=== Section Start ===

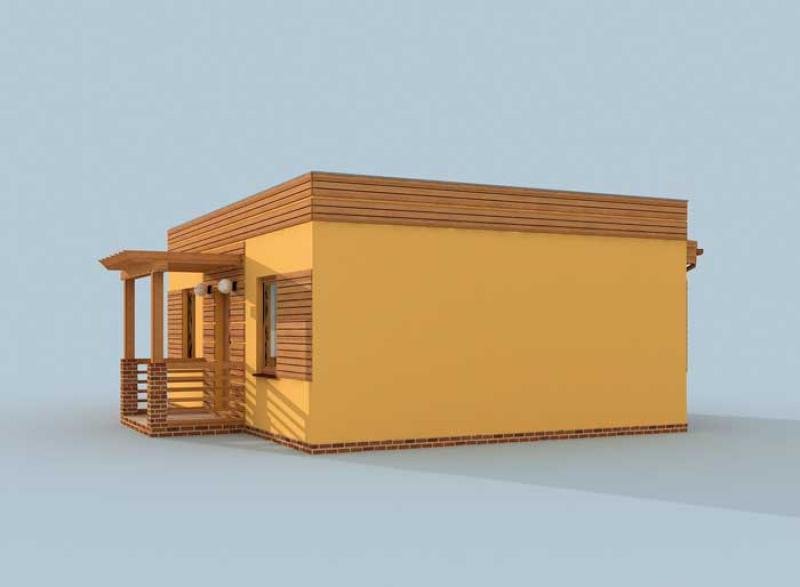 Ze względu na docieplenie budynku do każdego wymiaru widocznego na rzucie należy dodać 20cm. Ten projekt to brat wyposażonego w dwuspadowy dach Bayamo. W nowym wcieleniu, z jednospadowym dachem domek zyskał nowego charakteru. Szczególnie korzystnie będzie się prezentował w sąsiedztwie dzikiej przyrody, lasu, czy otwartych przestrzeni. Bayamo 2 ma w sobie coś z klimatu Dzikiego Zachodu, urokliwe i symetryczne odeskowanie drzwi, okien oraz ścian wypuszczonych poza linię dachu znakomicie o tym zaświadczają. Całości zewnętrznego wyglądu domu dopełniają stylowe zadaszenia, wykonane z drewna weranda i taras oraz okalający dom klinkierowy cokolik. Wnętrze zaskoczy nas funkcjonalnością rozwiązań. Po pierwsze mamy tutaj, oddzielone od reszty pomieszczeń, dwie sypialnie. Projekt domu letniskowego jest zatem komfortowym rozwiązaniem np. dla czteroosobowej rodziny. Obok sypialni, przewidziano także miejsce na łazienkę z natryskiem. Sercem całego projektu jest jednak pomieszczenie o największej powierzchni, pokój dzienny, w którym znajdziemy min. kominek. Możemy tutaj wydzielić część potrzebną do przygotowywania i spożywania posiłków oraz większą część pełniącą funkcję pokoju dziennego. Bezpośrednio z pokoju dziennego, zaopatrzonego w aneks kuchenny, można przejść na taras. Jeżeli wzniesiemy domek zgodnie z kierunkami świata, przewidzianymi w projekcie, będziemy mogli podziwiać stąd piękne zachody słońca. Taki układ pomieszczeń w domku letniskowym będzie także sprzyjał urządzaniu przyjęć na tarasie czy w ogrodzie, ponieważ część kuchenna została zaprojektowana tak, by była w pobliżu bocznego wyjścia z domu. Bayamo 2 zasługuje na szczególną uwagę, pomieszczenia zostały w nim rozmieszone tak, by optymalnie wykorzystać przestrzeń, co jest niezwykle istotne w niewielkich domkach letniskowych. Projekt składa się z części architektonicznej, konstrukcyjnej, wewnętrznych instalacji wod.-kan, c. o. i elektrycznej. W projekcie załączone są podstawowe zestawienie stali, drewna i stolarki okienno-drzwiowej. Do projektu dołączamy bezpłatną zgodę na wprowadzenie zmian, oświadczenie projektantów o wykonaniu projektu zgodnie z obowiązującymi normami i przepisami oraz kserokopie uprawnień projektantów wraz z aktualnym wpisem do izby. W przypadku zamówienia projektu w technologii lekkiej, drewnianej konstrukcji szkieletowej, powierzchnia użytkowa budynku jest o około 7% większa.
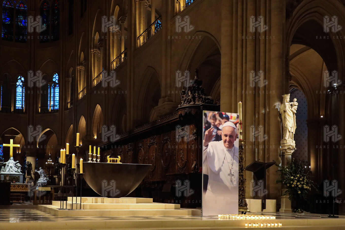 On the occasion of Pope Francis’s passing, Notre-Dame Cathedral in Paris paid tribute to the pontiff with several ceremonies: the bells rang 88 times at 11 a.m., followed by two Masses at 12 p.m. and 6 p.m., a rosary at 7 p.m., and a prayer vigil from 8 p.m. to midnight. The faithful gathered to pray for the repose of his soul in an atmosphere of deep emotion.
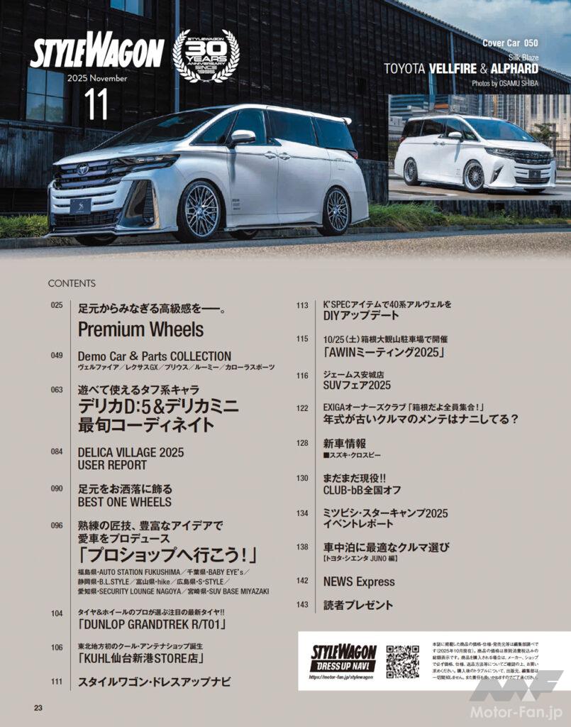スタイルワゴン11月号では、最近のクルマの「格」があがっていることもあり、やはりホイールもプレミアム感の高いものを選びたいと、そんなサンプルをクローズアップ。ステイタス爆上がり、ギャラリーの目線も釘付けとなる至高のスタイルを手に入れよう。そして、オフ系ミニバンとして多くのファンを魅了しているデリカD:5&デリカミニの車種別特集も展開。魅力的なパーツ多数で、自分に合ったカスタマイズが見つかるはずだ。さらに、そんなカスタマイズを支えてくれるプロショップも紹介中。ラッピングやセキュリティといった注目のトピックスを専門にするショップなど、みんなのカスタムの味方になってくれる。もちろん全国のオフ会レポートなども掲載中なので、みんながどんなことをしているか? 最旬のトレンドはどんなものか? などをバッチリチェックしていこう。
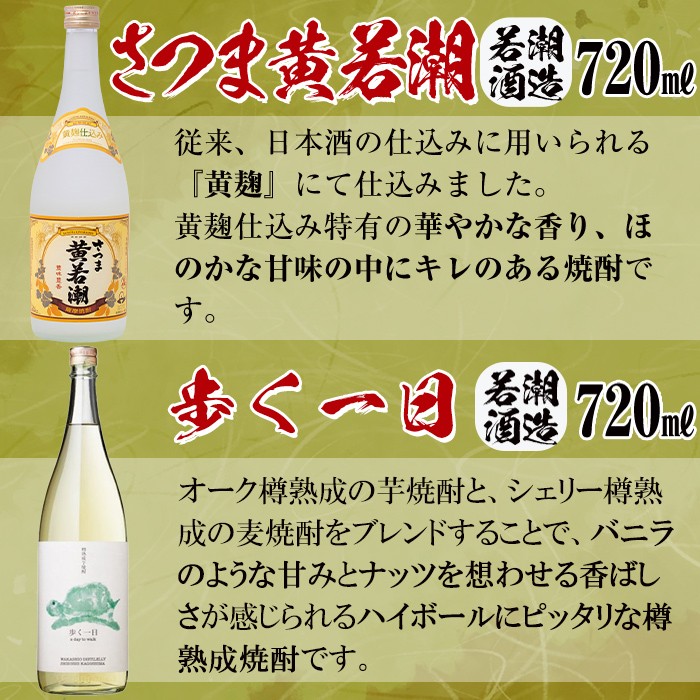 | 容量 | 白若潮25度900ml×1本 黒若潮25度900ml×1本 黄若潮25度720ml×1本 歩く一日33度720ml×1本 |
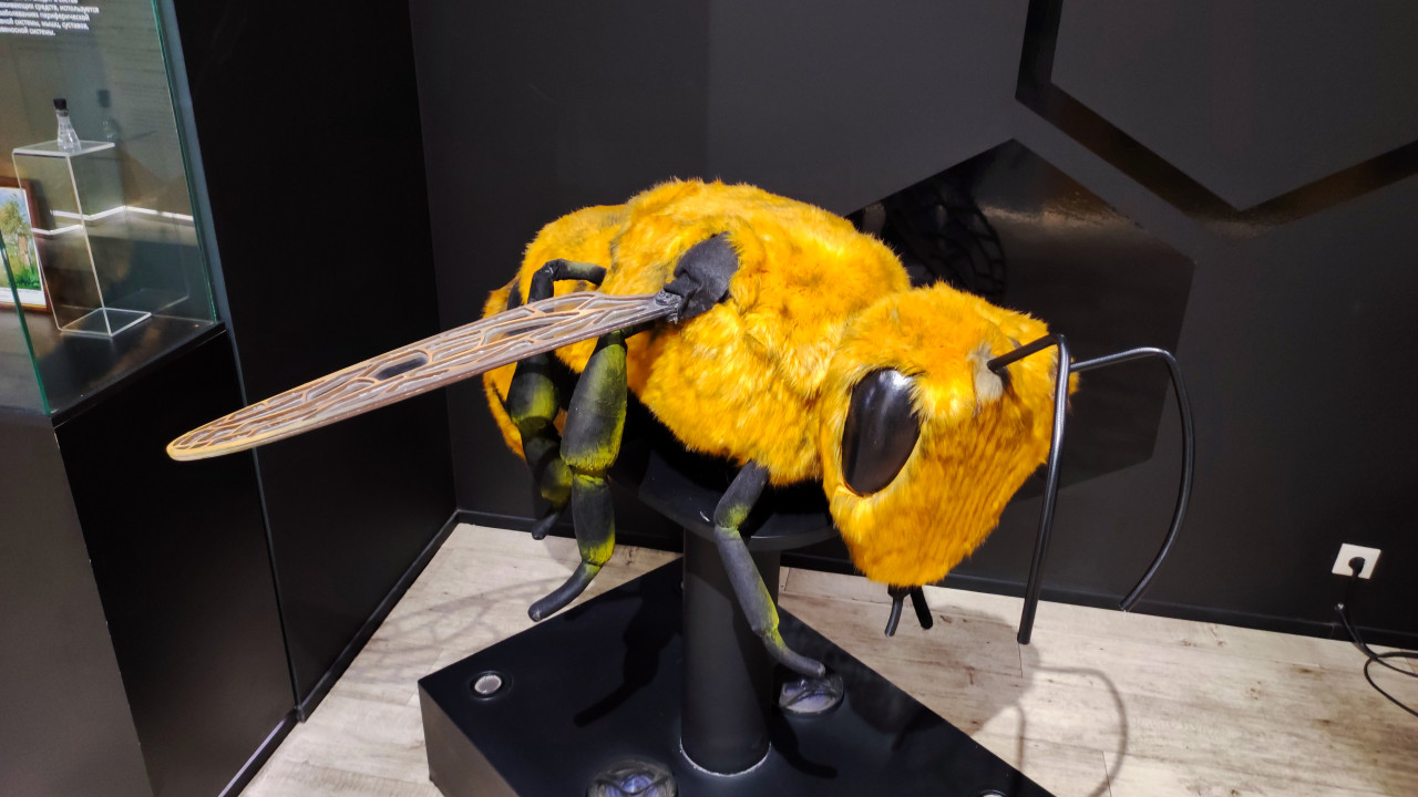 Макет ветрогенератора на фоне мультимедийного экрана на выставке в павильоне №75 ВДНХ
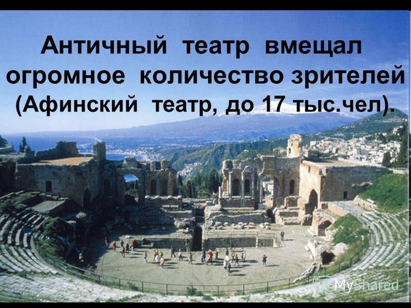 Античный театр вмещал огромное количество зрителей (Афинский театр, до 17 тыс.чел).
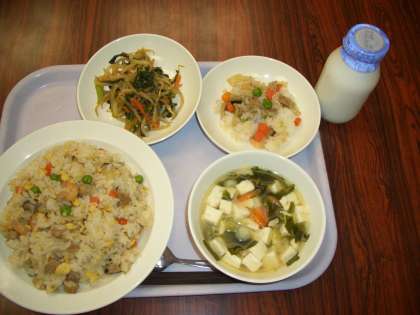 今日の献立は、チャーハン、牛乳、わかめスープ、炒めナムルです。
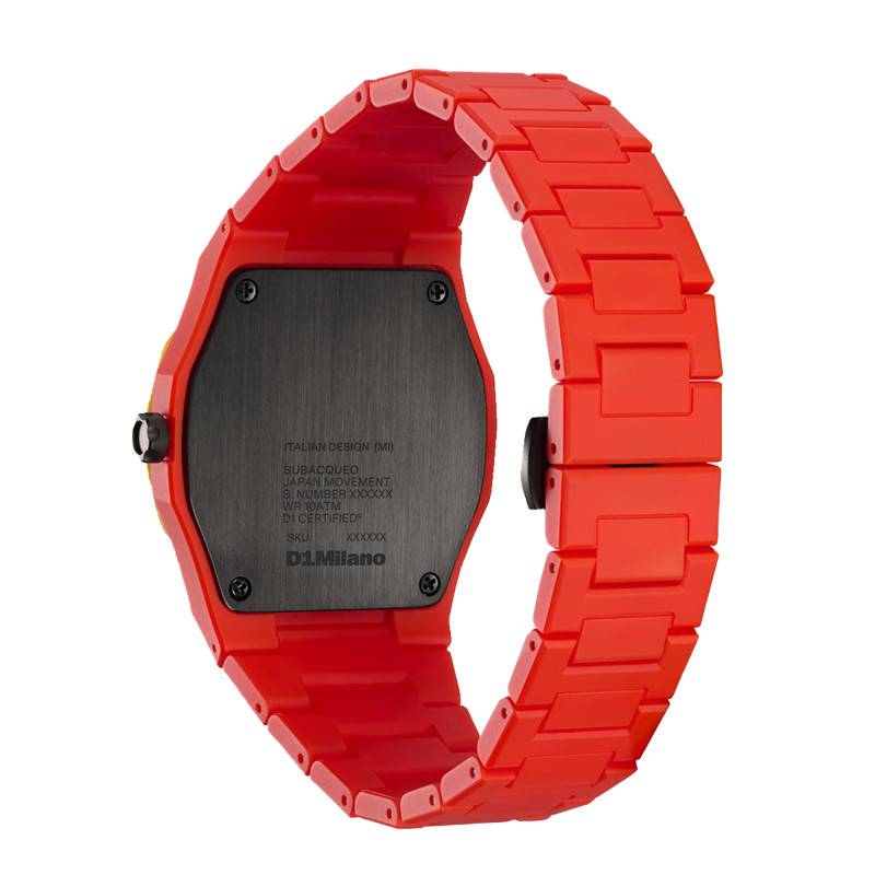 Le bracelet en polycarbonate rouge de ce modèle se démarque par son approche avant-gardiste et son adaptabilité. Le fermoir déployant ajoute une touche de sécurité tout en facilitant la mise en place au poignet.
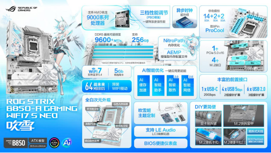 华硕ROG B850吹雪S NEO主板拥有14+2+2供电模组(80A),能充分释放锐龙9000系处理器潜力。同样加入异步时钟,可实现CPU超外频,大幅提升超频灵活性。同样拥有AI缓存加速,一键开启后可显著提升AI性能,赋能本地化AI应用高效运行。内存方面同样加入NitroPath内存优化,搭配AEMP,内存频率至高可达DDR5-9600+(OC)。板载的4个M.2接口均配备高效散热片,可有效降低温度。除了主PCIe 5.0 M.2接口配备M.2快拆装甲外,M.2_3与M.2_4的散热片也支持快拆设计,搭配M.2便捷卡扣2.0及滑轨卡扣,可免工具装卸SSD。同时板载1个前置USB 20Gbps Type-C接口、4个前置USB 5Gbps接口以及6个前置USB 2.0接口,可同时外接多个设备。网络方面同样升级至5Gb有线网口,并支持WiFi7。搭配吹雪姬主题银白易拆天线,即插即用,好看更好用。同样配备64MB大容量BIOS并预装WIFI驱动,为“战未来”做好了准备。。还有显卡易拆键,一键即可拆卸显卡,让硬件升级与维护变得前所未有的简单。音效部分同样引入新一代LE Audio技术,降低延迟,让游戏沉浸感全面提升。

=== Section End ===

• [Required work]: Transcribe the data exactly, minus any images.

• [Answer to this exercise]:
 Ze względu na docieplenie budynku do każdego wymiaru widocznego na rzucie należy dodać 20cm. Ten projekt to brat wyposażonego w dwuspadowy dach Bayamo. W nowym wcieleniu, z jednospadowym dachem domek zyskał nowego charakteru. Szczególnie korzystnie będzie się prezentował w sąsiedztwie dzikiej przyrody, lasu, czy otwartych przestrzeni. Bayamo 2 ma w sobie coś z klimatu Dzikiego Zachodu, urokliwe i symetryczne odeskowanie drzwi, okien oraz ścian wypuszczonych poza linię dachu znakomicie o tym zaświadczają. Całości zewnętrznego wyglądu domu dopełniają stylowe zadaszenia, wykonane z drewna weranda i taras oraz okalający dom klinkierowy cokolik. Wnętrze zaskoczy nas funkcjonalnością rozwiązań. Po pierwsze mamy tutaj, oddzielone od reszty pomieszczeń, dwie sypialnie. Projekt domu letniskowego jest zatem komfortowym rozwiązaniem np. dla czteroosobowej rodziny. Obok sypialni, przewidziano także miejsce na łazienkę z natryskiem. Sercem całego projektu jest jednak pomieszczenie o największej powierzchni, pokój dzienny, w którym znajdziemy min. kominek. Możemy tutaj wydzielić część potrzebną do przygotowywania i spożywania posiłków oraz większą część pełniącą funkcję pokoju dziennego. Bezpośrednio z pokoju dziennego, zaopatrzonego w aneks kuchenny, można przejść na taras. Jeżeli wzniesiemy domek zgodnie z kierunkami świata, przewidzianymi w projekcie, będziemy mogli podziwiać stąd piękne zachody słońca. Taki układ pomieszczeń w domku letniskowym będzie także sprzyjał urządzaniu przyjęć na tarasie czy w ogrodzie, ponieważ część kuchenna została zaprojektowana tak, by była w pobliżu bocznego wyjścia z domu. Bayamo 2 zasługuje na szczególną uwagę, pomieszczenia zostały w nim rozmieszone tak, by optymalnie wykorzystać przestrzeń, co jest niezwykle istotne w niewielkich domkach letniskowych. Projekt składa się z części architektonicznej, konstrukcyjnej, wewnętrznych instalacji wod.-kan, c. o. i elektrycznej. W projekcie załączone są podstawowe zestawienie stali, drewna i stolarki okienno-drzwiowej. Do projektu dołączamy bezpłatną zgodę na wprowadzenie zmian, oświadczenie projektantów o wykonaniu projektu zgodnie z obowiązującymi normami i przepisami oraz kserokopie uprawnień projektantów wraz z aktualnym wpisem do izby. W przypadku zamówienia projektu w technologii lekkiej, drewnianej konstrukcji szkieletowej, powierzchnia użytkowa budynku jest o około 7% większa.
 On the occasion of Pope Francis’s passing, Notre-Dame Cathedral in Paris paid tribute to the pontiff with several ceremonies: the bells rang 88 times at 11 a.m., followed by two Masses at 12 p.m. and 6 p.m., a rosary at 7 p.m., and a prayer vigil from 8 p.m. to midnight. The faithful gathered to pray for the repose of his soul in an atmosphere of deep emotion.
スタイルワゴン11月号では、最近のクルマの「格」があがっていることもあり、やはりホイールもプレミアム感の高いものを選びたいと、そんなサンプルをクローズアップ。ステイタス爆上がり、ギャラリーの目線も釘付けとなる至高のスタイルを手に入れよう。そして、オフ系ミニバンとして多くのファンを魅了しているデリカD:5&デリカミニの車種別特集も展開。魅力的なパーツ多数で、自分に合ったカスタマイズが見つかるはずだ。さらに、そんなカスタマイズを支えてくれるプロショップも紹介中。ラッピングやセキュリティといった注目のトピックスを専門にするショップなど、みんなのカスタムの味方になってくれる。もちろん全国のオフ会レポートなども掲載中なので、みんながどんなことをしているか? 最旬のトレンドはどんなものか? などをバッチリチェックしていこう。
 | 容量 | 白若潮25度900ml×1本 黒若潮25度900ml×1本 黄若潮25度720ml×1本 歩く一日33度720ml×1本 |
 Макет ветрогенератора на фоне мультимедийного экрана на выставке в павильоне №75 ВДНХ
 Античный театр вмещал огромное количество зрителей (Афинский театр, до 17 тыс.чел).
 今日の献立は、チャーハン、牛乳、わかめスープ、炒めナムルです。
 Le bracelet en polycarbonate rouge de ce modèle se démarque par son approche avant-gardiste et son adaptabilité. Le fermoir déployant ajoute une touche de sécurité tout en facilitant la mise en place au poignet.
 华硕ROG B850吹雪S NEO主板拥有14+2+2供电模组(80A),能充分释放锐龙9000系处理器潜力。同样加入异步时钟,可实现CPU超外频,大幅提升超频灵活性。同样拥有AI缓存加速,一键开启后可显著提升AI性能,赋能本地化AI应用高效运行。内存方面同样加入NitroPath内存优化,搭配AEMP,内存频率至高可达DDR5-9600+(OC)。板载的4个M.2接口均配备高效散热片,可有效降低温度。除了主PCIe 5.0 M.2接口配备M.2快拆装甲外,M.2_3与M.2_4的散热片也支持快拆设计,搭配M.2便捷卡扣2.0及滑轨卡扣,可免工具装卸SSD。同时板载1个前置USB 20Gbps Type-C接口、4个前置USB 5Gbps接口以及6个前置USB 2.0接口,可同时外接多个设备。网络方面同样升级至5Gb有线网口,并支持WiFi7。搭配吹雪姬主题银白易拆天线,即插即用,好看更好用。同样配备64MB大容量BIOS并预装WIFI驱动,为“战未来”做好了准备。。还有显卡易拆键,一键即可拆卸显卡,让硬件升级与维护变得前所未有的简单。音效部分同样引入新一代LE Audio技术,降低延迟,让游戏沉浸感全面提升。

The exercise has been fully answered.